The words were a kick in the lungs.
Wrong,
I wanted to
shout. He wouldn’t have been
so proud
of my commitment to some wordy old play. He would have been nonplussed, at the very best. Nonplussed and disappointed. Nonplussed/disappointed/bored. I sat, paralyzed, for a second, fighting the fury back before it could explode through me.

Then I put on my graciously humble face. My Vivien-Leigh-accepting-an-Oscar face. “Thank you,” I murmured. Below the edge of the desk, out of Mrs. Silverberg’s sight, I wiped my froggy fingers on the upholstered chair. “That’s nice to hear.”

Mrs. Silverberg sent me back into the hallway with a sloppily scrawled pass. I stood there on the scuffed tiles for a few seconds, trying to imagine going back to anatomy class, the sliced-open frog on the tabletop, the witches whispering in my ear, and felt the hallway begin to smear around me. The walls wavered. The floor dribbled like pancake batter. I reached out for something solid, and felt my hand lock around the corner of a plastic desktop.

“Everybody with me?” said a voice.

Mr. Costa turned away from the board and let his gaze sweep the algebra classroom. His nearsighted brown eyes traveled from face to face, landing at last on mine. He waited for a nod.

I managed a tiny head twitch.

Mr. Costa turned back to the board, and I looked down at my desk, trying not to hyperventilate. There was my notebook. There was my pencil from American Players
Theater. How had they gotten here? How had
I
gotten here? How had I gotten through the last six hours?

I squeezed my eyes shut. Still, sealed inside my eyelids, I could feel the room rocking from side to side.
Less than an hour until rehearsal. Almost there.

“So, if we add 2b squared, c to the fourth, and 5b squared c to the third . . .” Mr. Costa’s voice marched on.

You’re all right. No one noticed anything. Empty stage. Empty stage.

Cautiously, I lifted my eyelids.

Mr. Costa’s jowly face had narrowed. His forehead was higher. His hair was longer. A gold hoop dangled from one ear.

“2b, anyone?” His now-blue eyes met mine. “‘To be, or . . .’”

The kid in the desk in front of mine turned around. He wasn’t a red-haired junior anymore. He was Hamlet in a Pink Floyd T-shirt.

“Are you following any of this?” he whispered, holding up a skull covered with pencil-scrawled integers.

I shot out of my desk. Everyone around me looked up.

“Um—Mr. Costa?” I croaked. “Can I be excused?”

Mr. Costa’s brown eyes settled on me. He gave an understanding little nod before tapping the board and pulling everyone’s attention back. “So, how can we simplify this?”

I grabbed my books and tore out of the classroom.

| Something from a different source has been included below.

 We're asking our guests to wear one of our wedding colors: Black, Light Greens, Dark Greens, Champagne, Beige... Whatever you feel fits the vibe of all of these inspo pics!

In the nearest bathroom, I took out my phone and stared
at the date and time until the digits began to swim. At least I’d only lost a few hours this time, not days. Still, the thought that my body had been wandering around without my mind was frightening. Violating. Like something had been stolen right out of my pocket.

I soaked a brown paper towel in cold water and pressed it against my forehead. Its fibers were rough on the raw skin. The stalls were empty, so I stood there for a few minutes, leaning against the sink and blinking into the water-specked mirror. My eyes were bloodshot. My skin looked like wax.

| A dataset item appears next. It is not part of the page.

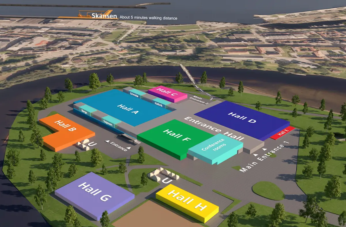 Trondheim Spektrum is a multi-purpose indoor arena and exhibition venue located at Klostergata 90, 7030 Trondheim, Norway. Covering approximately 33,200 m² of indoor space, it features 4 main halls, 18 meeting rooms, a large conference hall (~400 m²), and multiple restaurants/cafés. The venue accommodates concerts, sports events (including handball), trade fairs, and conferences, with Hall A hosting up to 12,000 spectators. Outdoor areas are available for additional exhibition setups. Trondheim Spektrum is accessible via AtB buses (Line 12 and others), with Trondheim Central Station 4.4 km away, and Trondheim Airport 37 km away. Nearby amenities include several hotels (Scandic Bakklandet, Clarion Hotel Trondheim, Britannia Hotel), shopping areas, and the Solsiden business district. The venue is known for its flexible spaces, hosting international trade fairs like Aqua Nor and Nor-Fishing, major concerts, and corporate events.

When the rocking feeling had settled slightly, I rinsed my mouth with a handful of rusty water and staggered back into the hall.

There was no way I could go back to algebra class. I’d already come dangerously close to blurting something bonkers and giving myself away. Better to have them all think I was hurting than know that I was crazy.

Without being sure where I was headed, I hurried off in the opposite direction.